In den einzelnen Methoden passiert folgendes:

getDelta: Errechne wie lang der letzte Schleifendurchlauf benötigt hat (mit System.nanoTime()).

checkKeys:  Abfrage von boolean-Werten, die durch Tastatureingaben oder MouseListener gesetzt werden

doLogic: alle meine Objekte habe so eine Mehtode. Innerhalb dieser Methode in der Spielschleife, wird für alle vorhandenen Objekte die doLogic()-Methode aufgerufen. Das kann komplexer Code sein oder einfach nur ein Abfrage, ob ein Objekt (z. B. ein Schuß) außerhalb des sichtbaren Bereichs ist und gelöscht werden kann. Auch Animationslogik packe ich hier rein.

move: Hier rufe ich für alle Objekte die Move-Methode auf und bewege sie abhängig von der Zeit, die seit dem letzten Durchlauf der Spielschleife vergangen ist (x += dx/delta * mod). 

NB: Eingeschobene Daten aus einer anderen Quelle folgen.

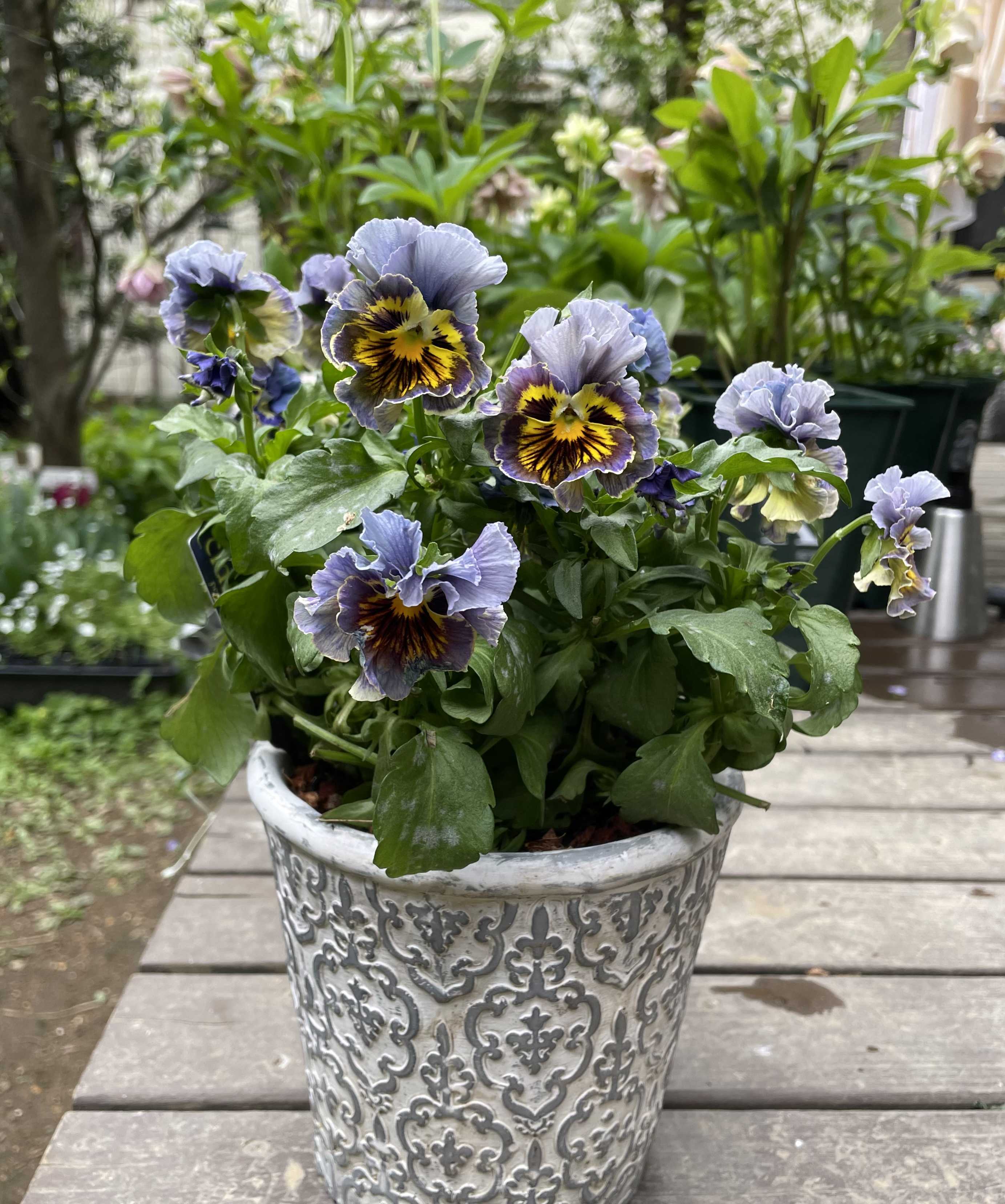 レディジェーンとダブルシェイクのコラボレーション。ダブルサプライズかと思ったら、シェイクの方でした。多分…こんなに綺麗な状態はあまり長く持ちません。一度雨でも降ったら、八重のチューリップは水を溜め込んで、頭が下がってしまうか、倒れ込んでしまいます。何とか少しでも長くそこにいて欲しい。見元園芸のビオラ、Mr.グリニッシュ。まるで画像加工したかのように、白が抜けてます。不思議な色合いだこと。ブルーからブラウンへのグラデーションが特徴的なマシェリマダム。青が滲んでます。玄関ガーデンの小手毬が咲き始めました。清楚な花です。ガーデンテーブルはあふれんばかりのビオラに埋め尽くされています。これ以上咲いたら溢れそう🤣
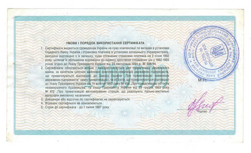 Keywords: Compensation certificate 1b Ukraine 1994 reverse used.jpg Опис Компенсаційний се тифікат на суму індексації г ошових заощаджень г омадян Ук аїни в установах Ощадного банку Ук аїни і колишнього Ук де жст аху Ук аїна 1994/1995 ік омінал 1 мільйон ка бованців Вико истаний Зво отна сто она Авто Dghooo Дже ело з власного а хіву Час ство ення 31 10 2014 Ліцензія PD-UA-exempt Original upload log UWCTransferBot v 2 1 2 based on Chris G's http //toolserver org/~chris/highlight php d chris/classes/ f botclasses php botclasses framework uk wikipedia Compensation+certificate+1b+Ukraine+1994+reverse+used jpg 2014-10-31 19 41 Dghooo 2126×1295×8 1043706 bytes <nowiki> Зоб аження Опис Компенсаційний се тифікат на суму індексації г ошових заощаджень г омадян Ук аїни в установах Ощадного банку Ук аїни </nowiki> Finance Economy of Ukraine |
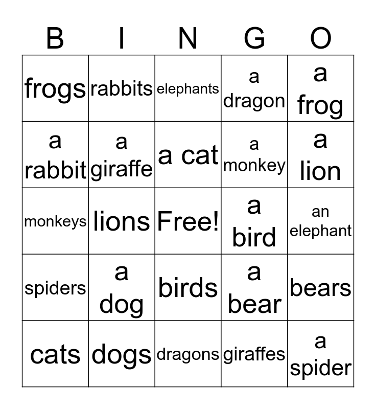 This bingo card has a free space and 24 words: a dog, dogs, a cat, cats, a frog, frogs, a rabbit, rabbits, a bird, birds, a monkey, monkeys, a bear, bears, a giraffe, giraffes, an elephant, elephants, a lion, lions, a spider, spiders, a dragon and dragons.
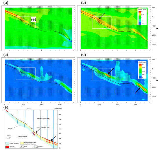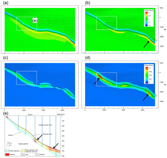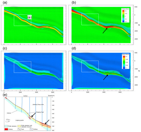 The volumetric strain, shear strain distribution, and detailed fluid flow vectors at a strain rate of 10−an s−s. In the figure, the rectangular box is the scope of the cross-sections; thick arrows indicate areas of intense strain or mineralization; the vector arrows represent the Darcy flux and are used to indicate the direction of flow. (a) 0.5% volumetric strain, (b) 1.0% volumetric strain, (c) 0.5% shear strain, (d) 1.0% shear strain, and (e) corresponding geological section.
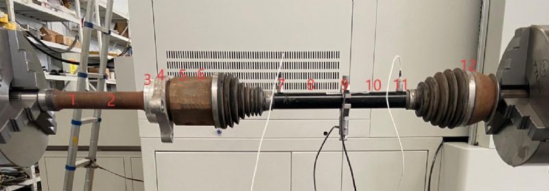 1. Experimentally obtain the first-order modal characteristics of a passenger vehicle drive shaft.
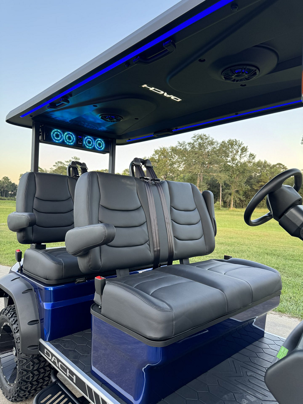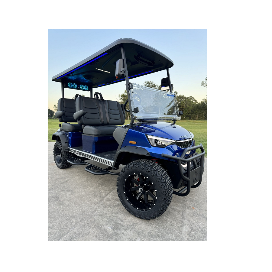 Voiturette de golf bleue à vendre, électrique, 72V, 4 places, sièges orientés vers l'avant

drawAll: Eigentlich selbsterklärend. Das Graphics-Objekt wird an alle meine Objekte übergeben, so daß diese ihren aktuellen Zustand da reinzeichnen können.

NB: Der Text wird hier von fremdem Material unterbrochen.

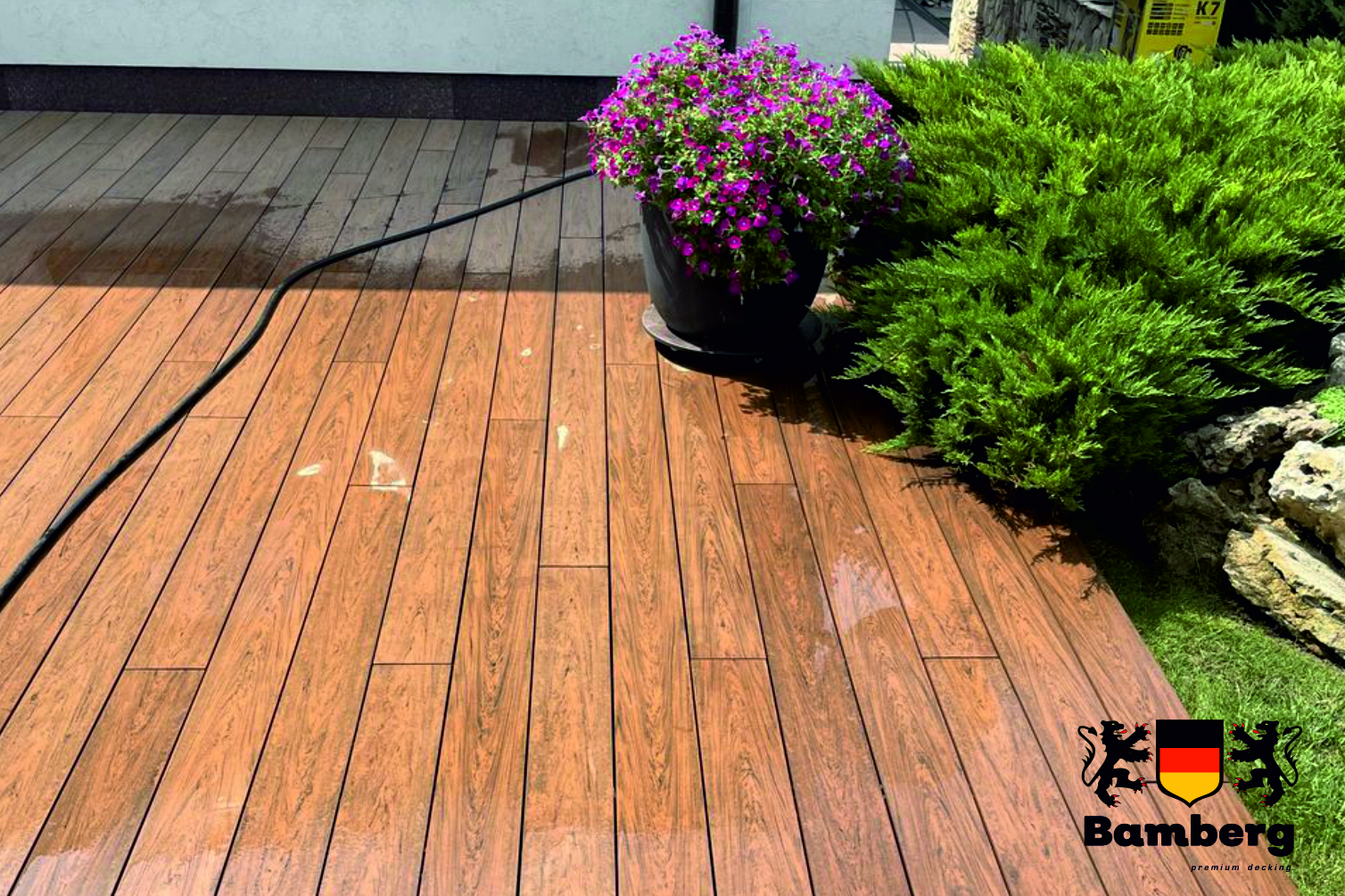 Купить террасную доску ДПК Bamberg Solid, Lebanese Cedar (Ливанский кедр) - значит инвестировать в качество и долговечность вашей террасы. Этот материал не требует особого ухода и легко моется, что делает его идеальным выбором для использования на открытом воздухе.

Mit dem oben skiziertem Vorgehen würde ich jetzt Dein Vorhaben wie folgt realiseren:

Mit einem MouseListener wird der Mouse-Klick abgefangen. Die entsprechende Methode enthielte dann folgende Schritte:

- erzeugen eines Objekts vom Typ Rectangle, dessen Mittelpunkt der Mouseklick ist. Als Zielrechteck zumHinlaufen
- errechnen der notwendigen Veränderung von x und y der Spielfigur, wie bei Dir schon realisiert

Meine Spielobjekte erben im Übrigen alle von Rectangle. Bei mir würde dann folgendes passieren. 
In den Methoden:

- checkKeys: in diesem Fall nix

- doLogic: die Logik-Methode meiner Spielfigur würde Code enthalten, die prüft, ob das Zielrechteck ungleich null ist. Wenn dies der Fall ist würde für meine Spielfigur und das Zielrechteck solange auf Intersection (Rectangle.intersects(....) )geprüft werden, bis der Wert true zurück gegeben wird. In diesem Fall ist die Spielfigur dann angekommen und weiterführender Code kann ausgelöst werden. Da meine Objekte von Rectangle erben funzt das üblicherweise wunderbar. Das Zielrechteck sollte halt nicht zu groß und nicht zu klein sein.l

- move: In Abhängigkeit der von delta wird die Figur ein Stück in x- und y-Richtung bewegt. Wenn mein Figur angekommen ist, wird durch die doLogic()-Methode das deltax und deltay meiner Figur auf 0 gesetzt und diese Methode hier trotzdem im Schleifenverlauf aufgerufen. Sie bewegt sich dann halt nicht mehr, fängt aber sofort zu laufen an, wenn ich die Delta-Werte der Spielfigur verändere.

- paint: selbsterklärend.

Mit diesem Szenario wäre es mir möglich, die Figur beliebig laufen zu lassen und durch Mouseklicks (= Veränderung des Zielrechtecks und Neuberechnung des Lauf-Winkels) Änderungen der Bewegungsrichtung zu veranlassen. 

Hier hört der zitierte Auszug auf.